A ransomware attack against the Mississippi-based healthcare provider, which forced several hospitals to go offline and manually process patient care for several days, has exposed a trove of sensitive patient data.
Singing River started contacting individuals impacted by the August ransomware attack, severely affecting the US hospital system. According to the breach notification letter, which Singing River submitted to the Maine Attorney General, attackers roamed the company‘s systems for over 48 hours in late August of 2023.
“The investigation determined that the information potentially impacted may include your name, date of birth, address, Social Security number, medical information, and health information. We have no evidence that any of your information was used for identity theft or fraud,” the healthcare provider said.
Individual healthcare data can be sold for hundreds of dollars on dark web forums. For example, malicious actors can use medical details for medical identity theft, a type of fraud where threat actors use stolen information to submit forged claims to Medicare and other health insurers.
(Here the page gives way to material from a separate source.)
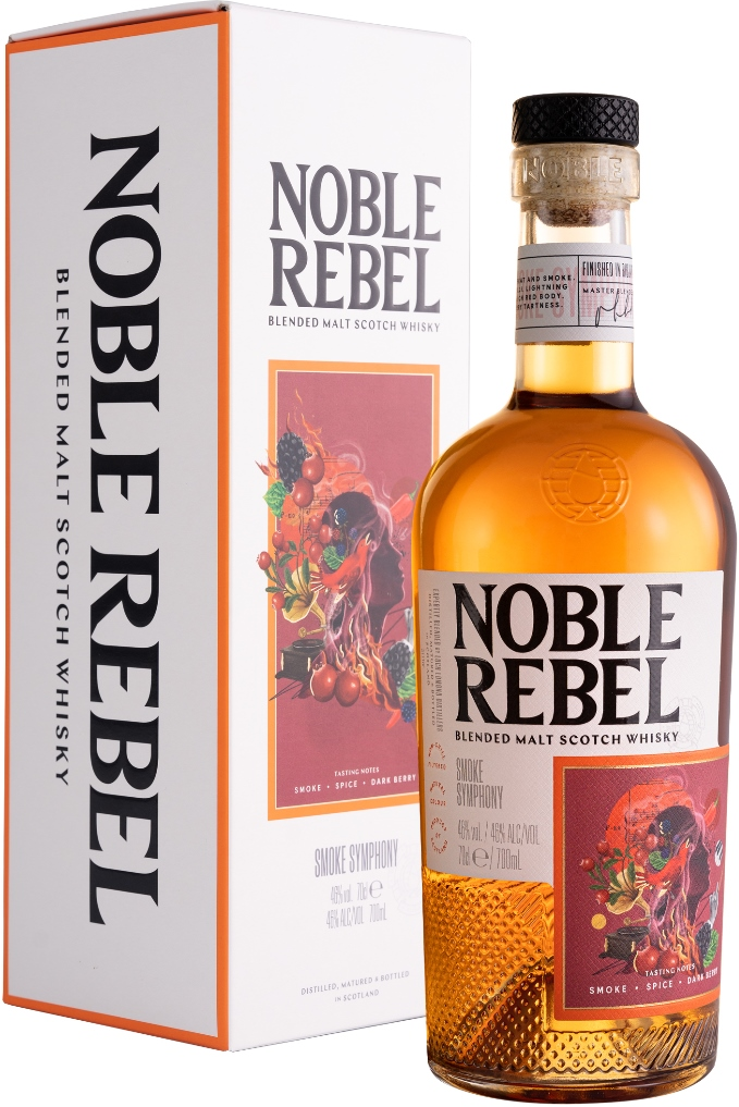 Noble Rebel, Smoke Symphony, Blended Malt — далек от повседневного драма, это искусно купажированный солодовый виски, наполненный дымным торфом и нотками перца чили. Довыдержка в бочках из-под красного испанского вина из Риохи добавляет его дымному сердцу слои терпкости и насыщенных темных ягод. Дистилляция, купажирование и выдержка проводятся под опытным взглядом независимого мастера-купажа Майкла Генри. Виски выдерживается не менее 3-х лет в дубовых бочках. Виски бутилируется при крепости 46%, без холодной фильтрации и окрашивания карамелью. Независимо от того, как употребляется "Нобл Ребел" Смоук Симфони, в чистом виде, со льдом или в классическом коктейле, этот виски обязательно удовлетворит даже самых взыскательных гурманов.
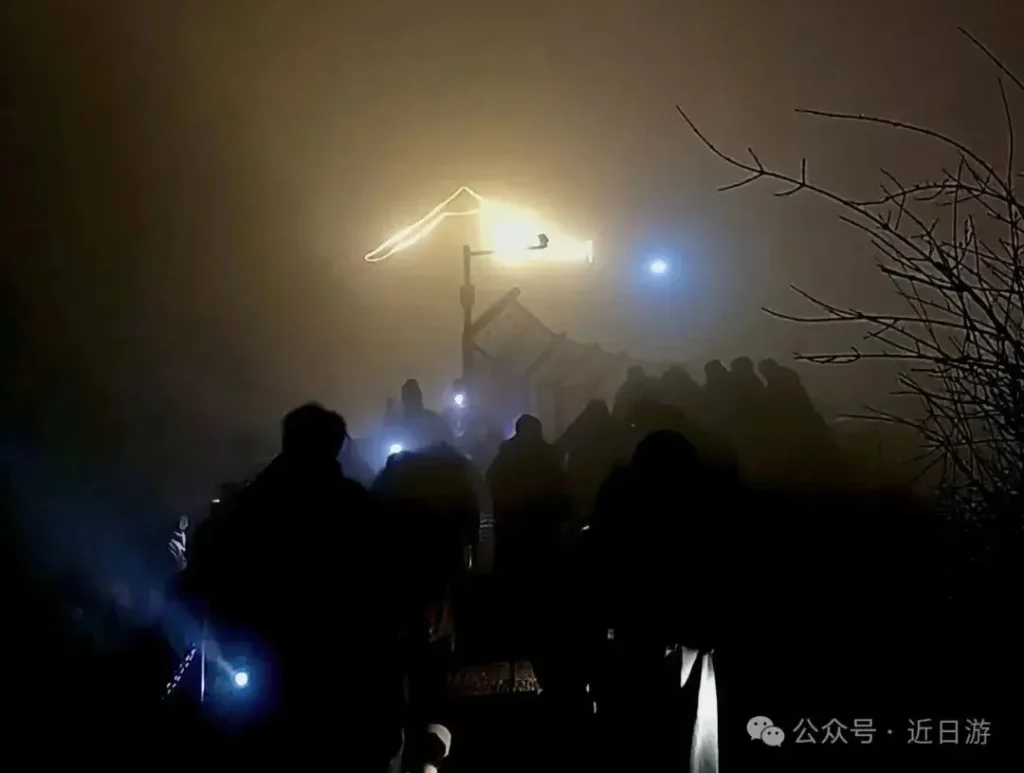 03 點 17 分,霧裡的人開始變得不真實。人影在光暈裡浮動,腳步緩慢,身體微微前傾。體力已經消耗的差不多了,沒有人說話,所有人都在往上走。那一刻忽然覺得,我們不是在爬山,是在朝聖。張衡在《四愁詩》中曾寫到:“我所思兮在太山。欲往從之梁父艱” 現在算是有出一點體味了。

Meanwhile, other personally identifiable information (PII) may be used to commit fraud, from identity theft and phishing attacks to opening new credit accounts, making unauthorized purchases, or obtaining loans under false pretenses.
Data that the healthcare provider submitted to the authorities revealed that the attack exposed 252,890 individuals in total. Singing River said it would provide its impacted customers with credit monitoring and identity restoration services to mitigate potential issues if the exposed data was misused.
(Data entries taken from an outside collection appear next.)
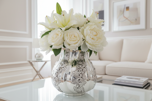 Mostra dettagli completiElegante vaso sagomato realizzato in argento 800, opera dell'artigiano Trezzi in Italia. Il corpo presenta una ricca decorazione a sbalzo con motiv...
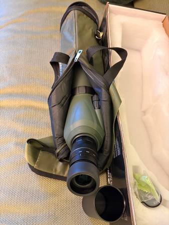 Gently used Celestron Regal M2 ED 80mm 20-60x spotting scope. Excellent large scope for birding, hunting, or wildlife watching. It has the original the stay-on protective case, lens caps, and original box for storage. I have added a new, more comfortable strap to the case. Originally purchased for $700 in 2019, currently $664 on Amazon.
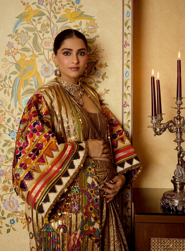 The actress, who is expecting her second child, shared glamorous photos on Instagram flaunting her baby bump in a chic golden outfit paired with a multicolored shrug. Styled by sister Rhea Kapoor, Sonam completed the look with a statement gold necklace, matching earrings, a neat bun, and soft, glowing makeup. “In full bloom for wedding season,” she captioned the post.

The Rhysida ransomware gang, which was behind the attack, breached several hospitals in the late summer of 2023. Three Singing River hospitals and a dozen medical clinics were affected. Its laboratory and radiology testing facilities were forced to work using paper-order tests and radiology exams due to the attack.
Who is Rhysida?
According to US government officials who profiled the group on November 15th, the ransomware gang hit the ransomware scene in late May.
The US Cybersecurity Infrastructure and Security Agency (CISA) said Rhysida is known for going after “targets of opportunity,” including education, healthcare, manufacturing, information technology, and government sectors.
Rhysida has also been observed operating as a ransomware-as-a-service (RaaS) outfit, leasing out ransomware tools and infrastructure in a profit-sharing model.
According to Cybernews’ ransomware monitoring tool, Ransomlooker, Rhysida has publicly claimed nearly 50 organizations over the last 12 months.
Known to initially exploit its targets using social engineering to obtain valid credentials and escalate privileges via public-facing applications, the group often sets up live auctions on its dark leak site, offering up its victim’s data to the highest bidder.